#### WORK TASK
Only the lines from the beginning of the entries through the one that holds "The path continues" may appear in the answer, written out exactly and free of pictures.

#### Records from a collection
_____

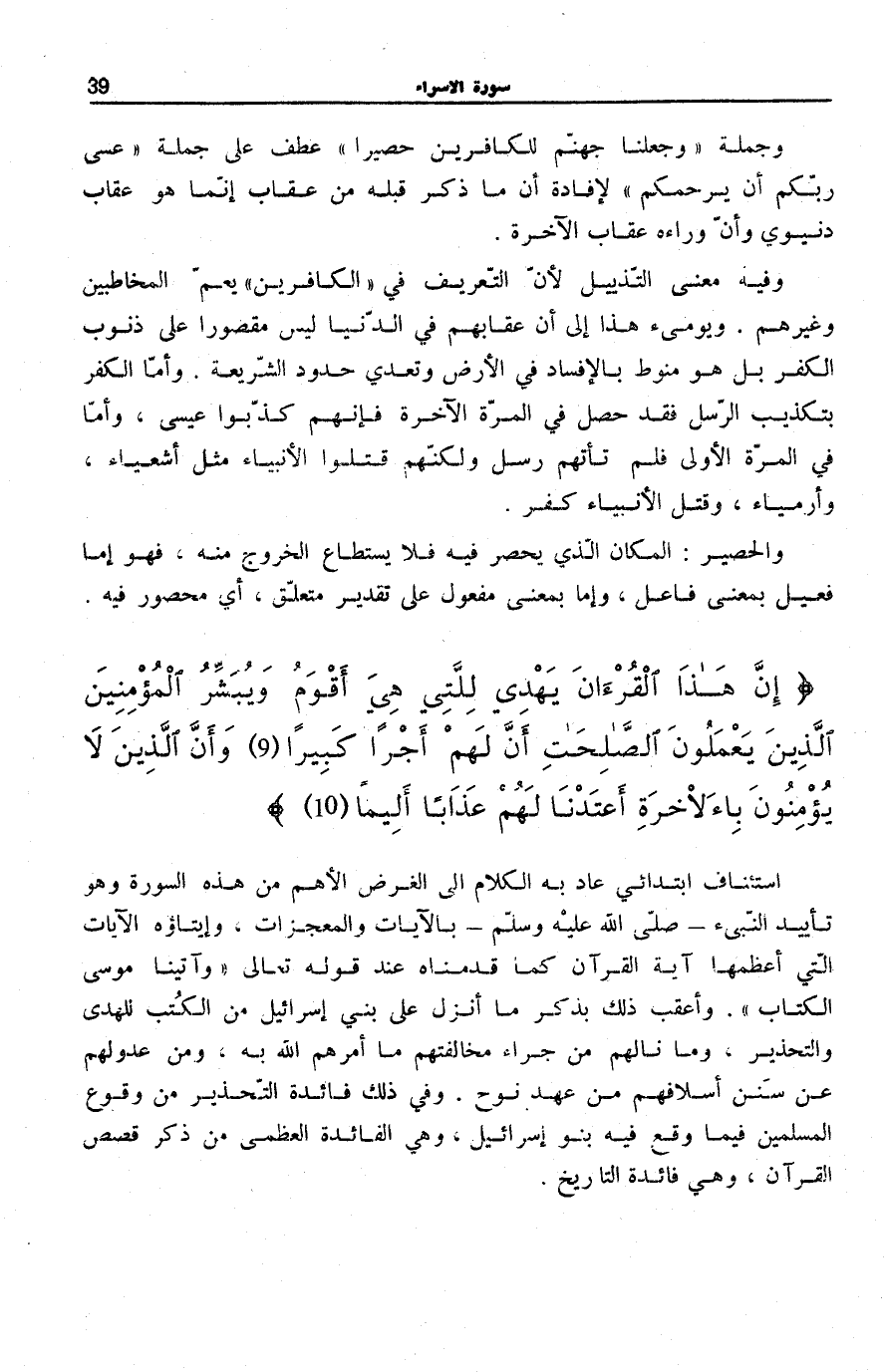إِنَّ هذَا الْقُرْآنَ يَهْدِي لِلَّتِي هِيَ أَقْوَمُ وَيُبَشِّرُ الْمُؤْمِنِينَ الَّذِينَ يَعْمَلُونَ الصَّالِحاتِ أَنَّ لَهُمْ أَجْراً كَبِيراً (9) وَأَنَّ الَّذِينَ لَا يُؤْمِنُونَ بِالْآخِرَةِ أَعْتَدْنا لَهُمْ عَذاباً أَلِيماً (10)
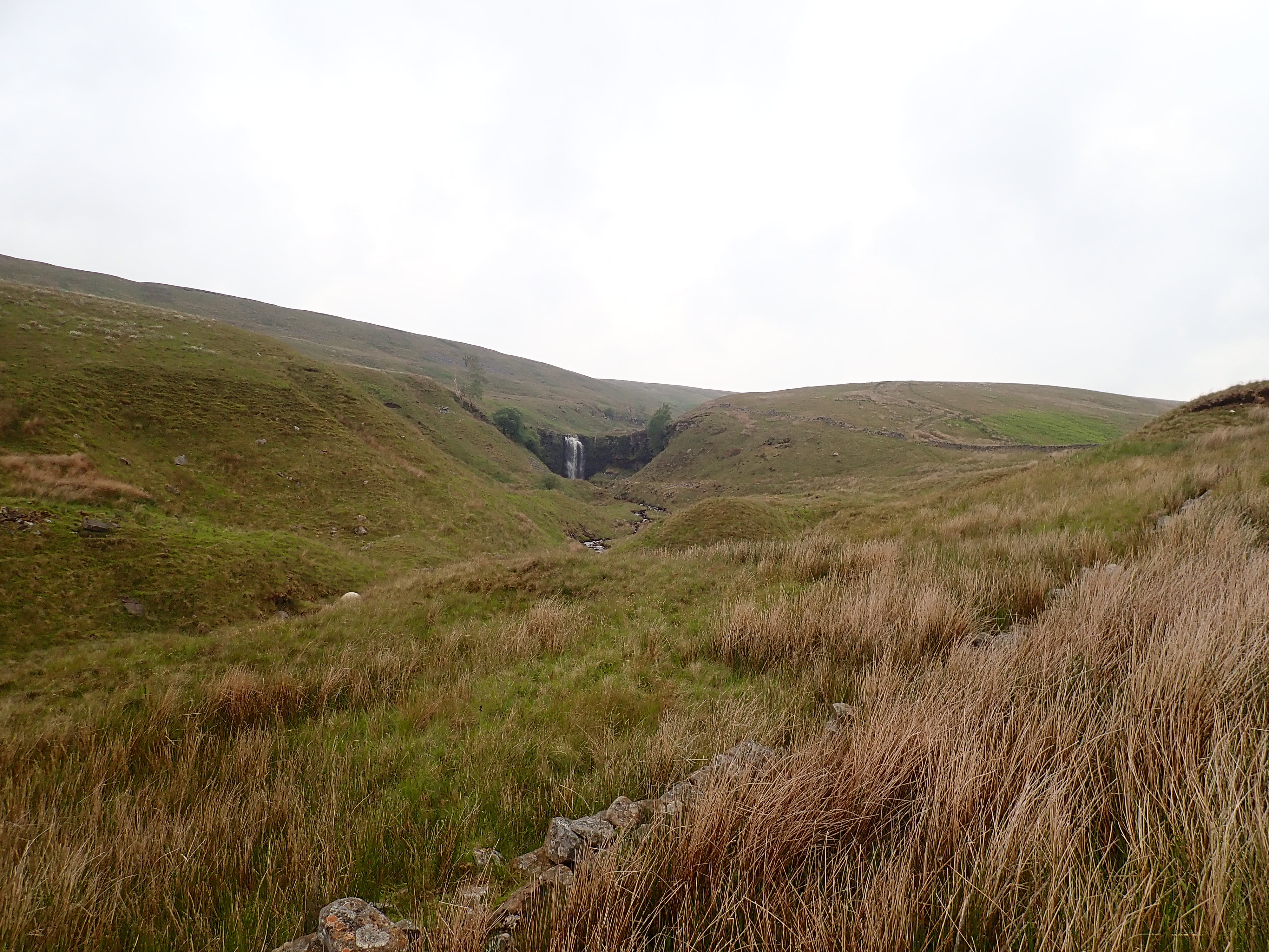 The path continues from here to climb Slack Hill by the Dales High Way before taking a sharp left to head to the North ridge of Whernside. Although the haze was obscuring the views, on this stretch of my walk I enjoyed seeing the waterfall on Force Gill and the white tufts of the cotton grass (AKA Eriophorum) on the moor.
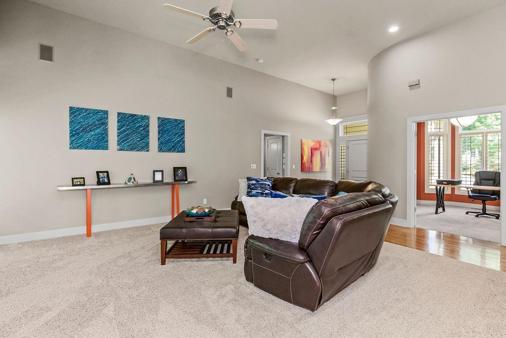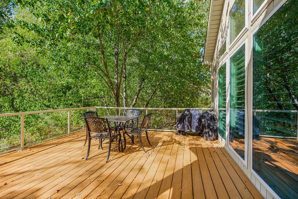 Nestled in the desirable Embassy Park neighborhood, this stunning 3-bedroom, 2.1-bathroom home is a true gem in the Park Hill School District. Located on a peaceful, quiet street, the home offers a perfect blend of privacy and convenience, with easy access to nearby amenities. Designed with a popular reverse floor plan, the main level features spacious living areas including an office with French doors, a half bath, and a large, open-concept kitchen. The chef's kitchen boasts an island, granite countertops, a pantry, and ample cabinet space—ideal for both cooking and entertaining. Adjacent to the kitchen is a cozy hearth room, perfect for relaxing, as well as a spacious living room that offers plenty of room for family gatherings. Plantation shutters are featured throughout the home, adding both style and functionality. The large, private master suite is also on the main level, offering a peaceful retreat with a generous layout and great closet space. From the dining area, step out onto a large covered Trex deck, ideal for enjoying quiet mornings or evenings, overlooking a serene, treed greenspace—creating a peaceful and tranquil outdoor living experience. Downstairs, the finished walk-out lower level offers an expansive entertaining area complete with a wet bar, two additional guest bedrooms, and a full bathroom. There's also an abundance of storage space to accommodate all of your needs. With plantation shutters, tons of storage, a spacious layout, and a prime location that backs to greenspace, this home is truly one you won’t want to miss.
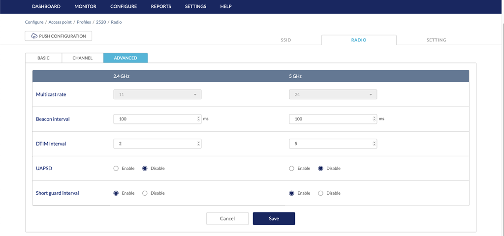 2. Go to Configure/ Access point/ profile/ Radio/ Advanced.
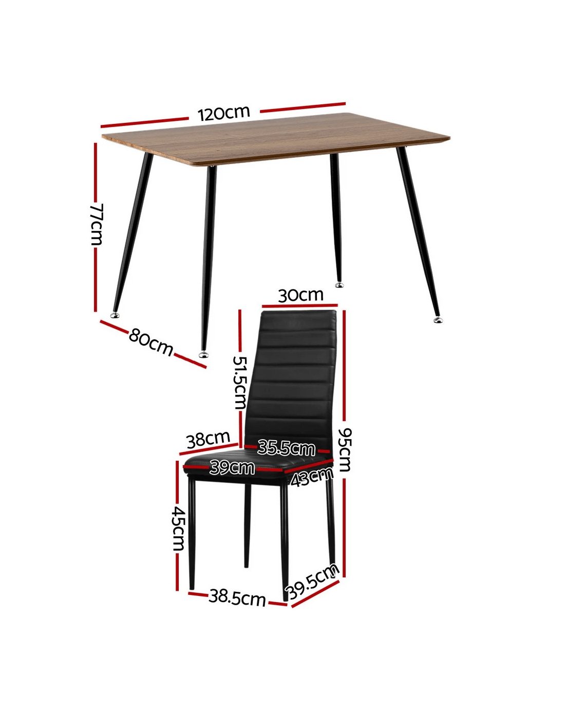 For a simple dining table that still delivers on style, the Artiss Caleb Dining Table is right for you. Made from thick particle board with a natural wood grain finish, the table is exceptionally affordable, durable, and will blend in perfectly with your existing décor. The dark wood tabletop is set atop solid powder-coated, anti-rust steel legs for an industrial-style look and feel. The table is scratch resistant and easy to clean and maintain thanks to the smooth, long-lasting surface.

_____

#### ANSWER TO THIS TASK
إِنَّ هذَا الْقُرْآنَ يَهْدِي لِلَّتِي هِيَ أَقْوَمُ وَيُبَشِّرُ الْمُؤْمِنِينَ الَّذِينَ يَعْمَلُونَ الصَّالِحاتِ أَنَّ لَهُمْ أَجْراً كَبِيراً (9) وَأَنَّ الَّذِينَ لَا يُؤْمِنُونَ بِالْآخِرَةِ أَعْتَدْنا لَهُمْ عَذاباً أَلِيماً (10)
 The path continues from here to climb Slack Hill by the Dales High Way before taking a sharp left to head to the North ridge of Whernside. Although the haze was obscuring the views, on this stretch of my walk I enjoyed seeing the waterfall on Force Gill and the white tufts of the cotton grass (AKA Eriophorum) on the moor.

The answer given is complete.